Re: Stuck on partial specialization syntax, as usual.

From:
James Kanze <james.kanze@gmail.com>
Newsgroups:
comp.lang.c++
Date:
Mon, 26 May 2008 02:42:08 -0700 (PDT)
Message-ID:
<29f13ef7-e856-4db8-91b4-38b1aae9b94f@r66g2000hsg.googlegroups.com>
On May 26, 7:48 am, "jason.cipri...@gmail.com"
<jason.cipri...@gmail.com> wrote:

Thanks for your reply.

On May 26, 1:43 am, Ian Collins <ian-n...@hotmail.com> wrote:

jason.cipri...@gmail.com wrote:

I never seem to be able to get this right. Here I have some code:

template <typename T, int N> class A {
  void f (T);
};

template <typename T> void A<T,1>::f (T) {
}


You can't partially specialise an individual member of class template.


:-(

So... if most compilers optimize away constant conditions; can I do
something like this instead:

template <typename T, int N> void A<T,N>::f (T) {
  if (N == 1) {
  } else if (N == 3) {
  }
}

And (probably) not take a performance hit?


Probably.
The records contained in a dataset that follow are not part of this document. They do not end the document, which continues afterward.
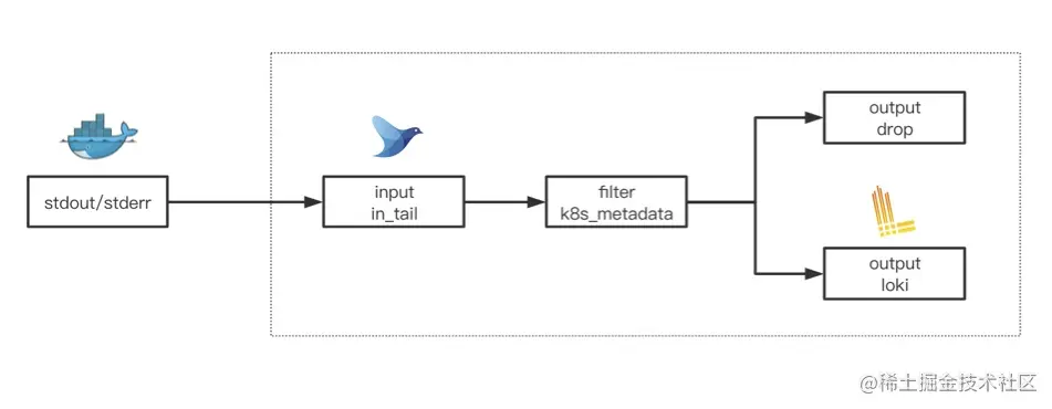 Filter阶段主要用来处理日志采集之后的kubernetes元数据标注以及修改、提取自定义字段,这里面主要用了两个插件fluent-plugin-kubernetes_metadata_filter和fluent-plugin-record-modifier来处理以上逻辑。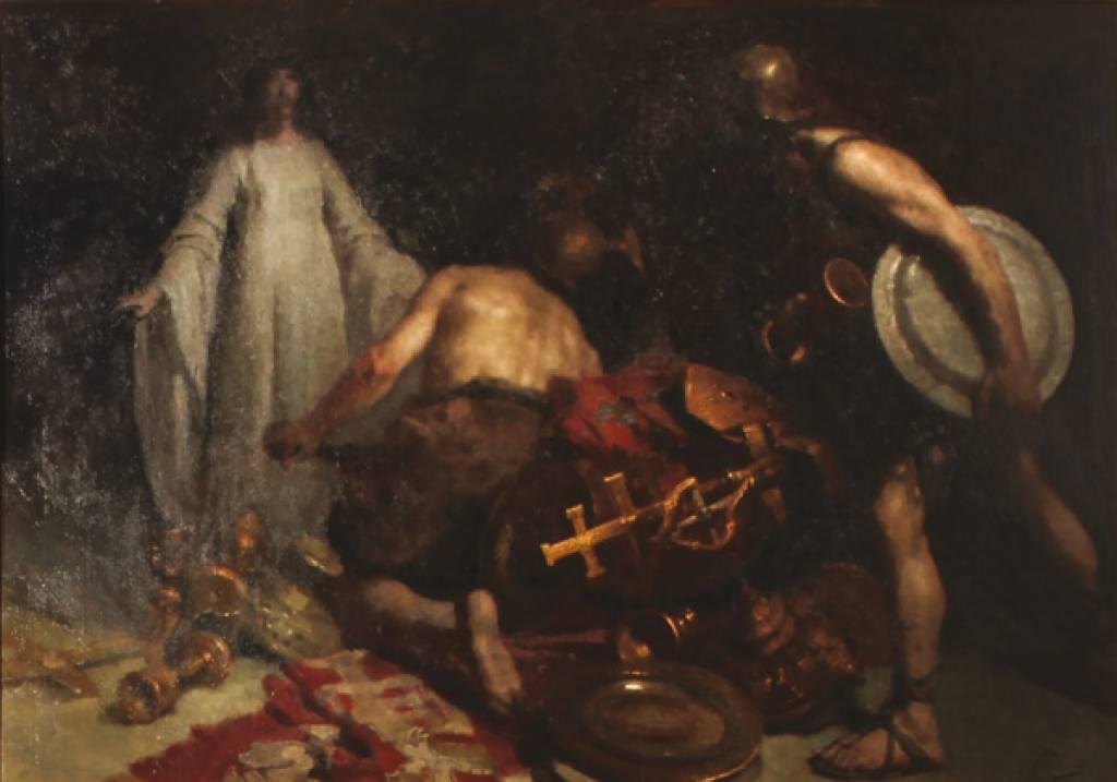 lombarda (Paolo Pagani, Agostino Santagostino), romana (Giuseppe Cesari detto il Cavalier d’Arpino, Angelo Caroselli, Pseudo Caroselli, Giusto Fiammingo, Antonio Cavallucci), toscana (Giacinto Gimignani, Livio Mehus, Alessandro Rosi, Pietro Paolini, Giovanni Domenico Lombardi). Colpisce, di Pseudo Caroselli, Giuditta con la testa di Oloferne qui esposta, per la sua espressività che rimanda all’ambiente del teatro con trucchi e costumi, inscenando episodi storici, biblici o mitologici. Tra le opere a tema mitologico, è catartico il dipinto di Agostino Santagostino (Milano, 1633 – 1699) ”Polifemo scaglia un macigno contro Aci”, un Olio su tela del 1669. L’episodio si riferisce alla tradizione ovidiana (Metamorfosi, XIII, 750-897) dell’amore del ciclope Polifemo per la nereide Galatea, promessa sposa del pastore Aci, figlio di Pan. Il dipinto raffigura la tragica fine del mito, quando Polifemo, sorpresi gli amanti abbracciati in riva al mare, si vendica uccidendo il giovane rivale con un masso, mentre la ninfa fugge. Firmato e datato 1669, il dipinto rappresenta una delle prove più antiche del pittore milanese Agostino Santagostino, conosciuto per dipinti di tema sacro distribuiti nelle chiese della sua città.
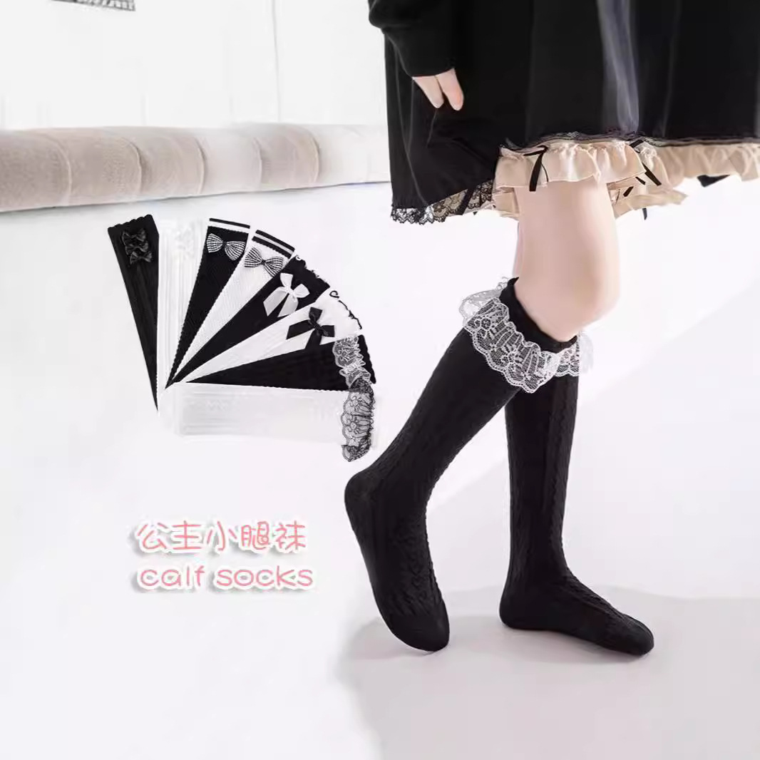 子供のふくらはぎの靴下の秋の純色の女の子は糸のレースと膝の靴下を注文します。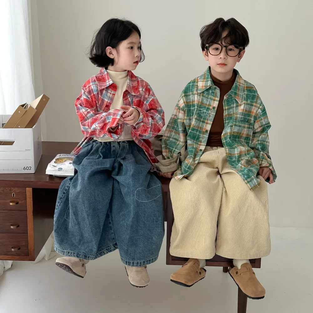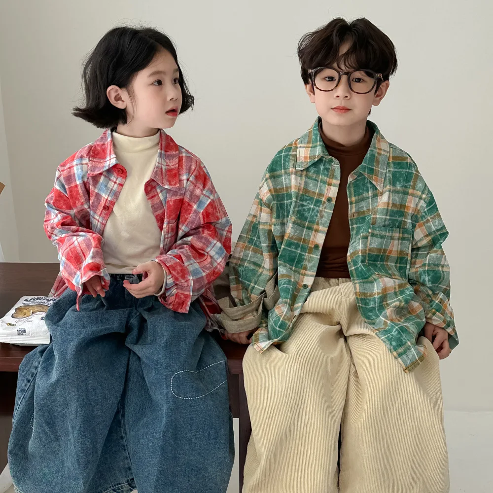 #kids fashion #check shirt #loose top #Korean kids clothes #long sleeve shirt #casual outfit #baby shirt
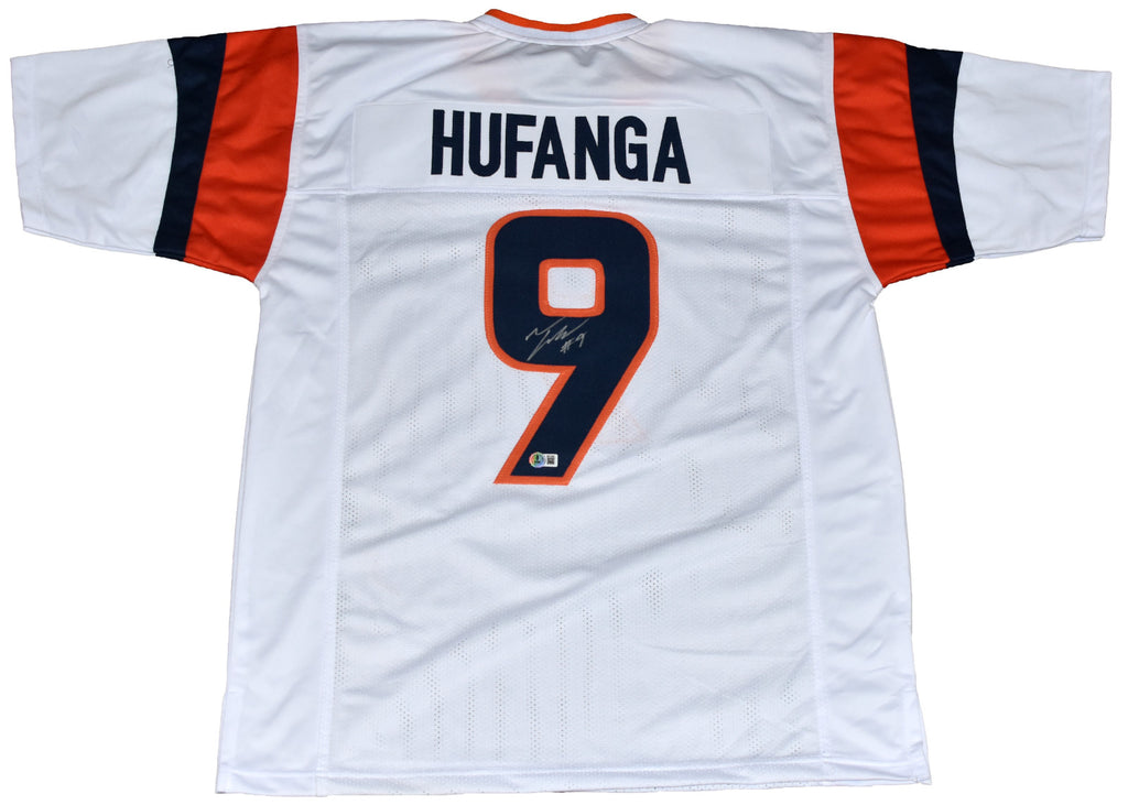 Talanoa Hufanga, star safety for the Denver Broncos, has hand signed this white custom jersey at a private signing. Jersey is size XL and all letters/numbers are sewn-on. This item is authenticated by Beckett Authentication Services and was signed in the presence of one of their representatives. Their tamper-evident hologram featuring a QR code and serial number is on the item. The authenticity can be verified online by entering the serial number or scanning the QR code.Item pictured may not be the exact item you will receive. It will be similar quality, and we guarantee your satisfaction.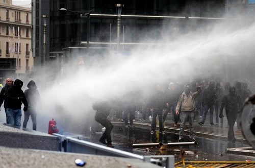 Demonstrators threw stones and other objects at the European Commission building in the city, Belga reported.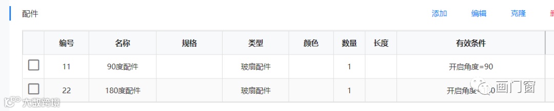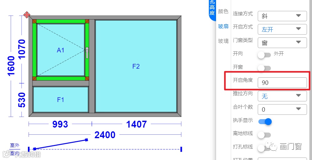 3、平开扇增加最大开启角度设置,扇配件可引用”开启角度”变量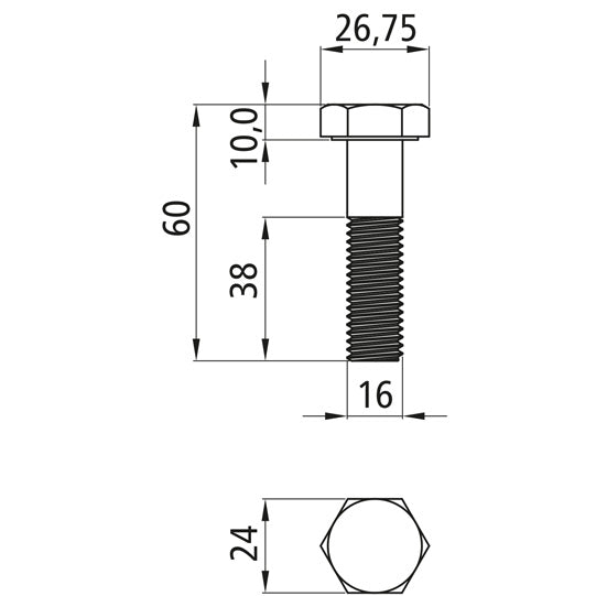 Sexkantsskruvar med skaft, förzinkade, färglöst passiverade, M 16 x 60, DIN-EN-ISO 4014 (gammal DIN 931) 8.8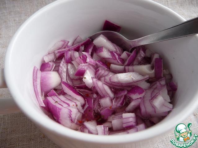 Лук замариновать в рассоле от огурцов (2-3 ст. л.) на 20 мин.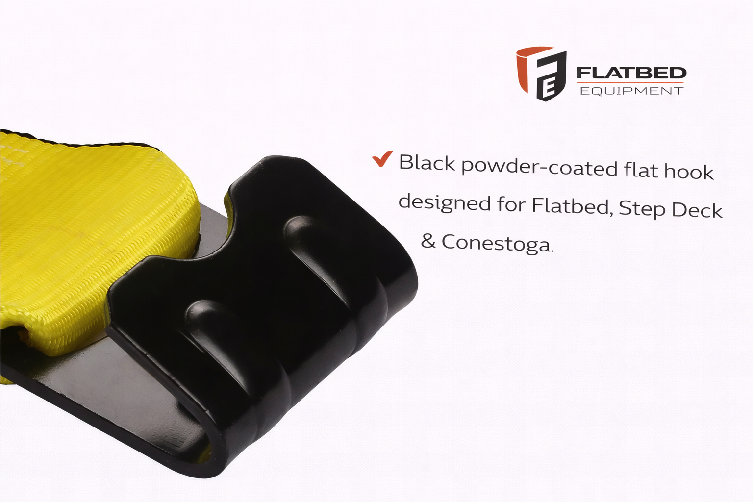 Β The heat-treated flat hook features a wide contact area for improved load force distribution and secure engagement with rub rails and trailer edges.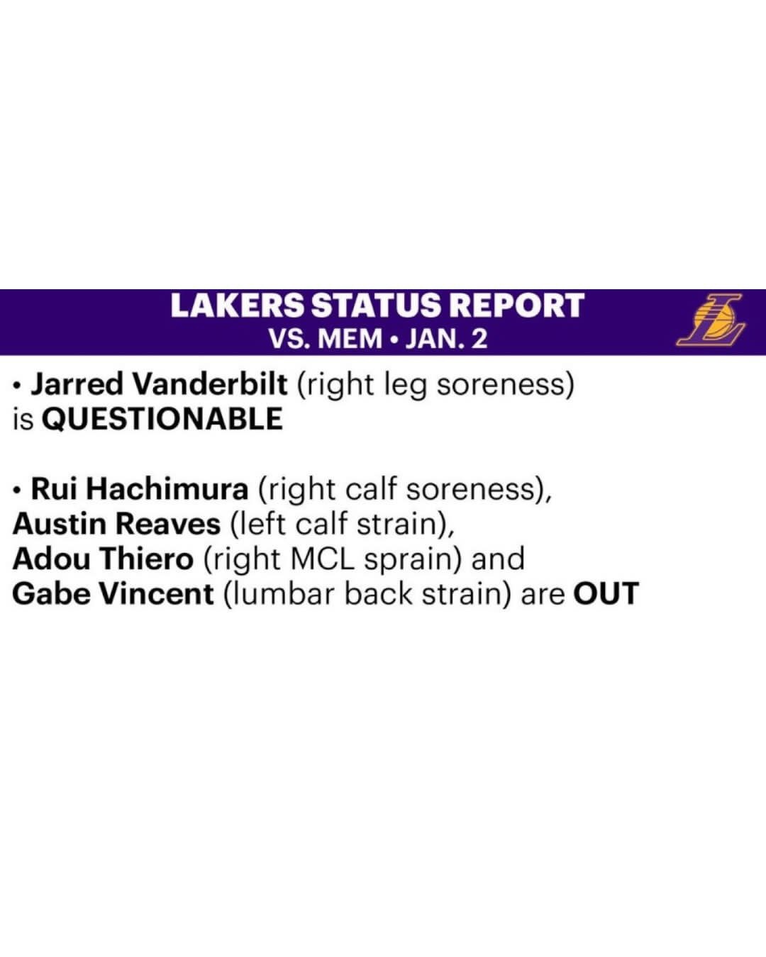 明天湖人主场迎战灰熊,八村垒、里夫斯、阿杜、文森特四人确定缺席,范德比尔特右腿酸

The usual solution is to use a helper function and a
discriminator class, something like:

    template< typename T, int N > class A {
    {
        template< int N >
        class Discriminator;

        void f( T t ) {
        {
            f( t, Discriminator< N >() ) ;
        }

        void f( T t, Discriminator<1> ) {
            // specialization for 1...
        }
        void f( T t, Discriminator<3> ) {
            // specialization for 3...
        }
    } ;

Presumably, because it is the standard idiom, compilers will
recognize it, and not generate any extra code for the unused
argument (at least as long as the functions are inline).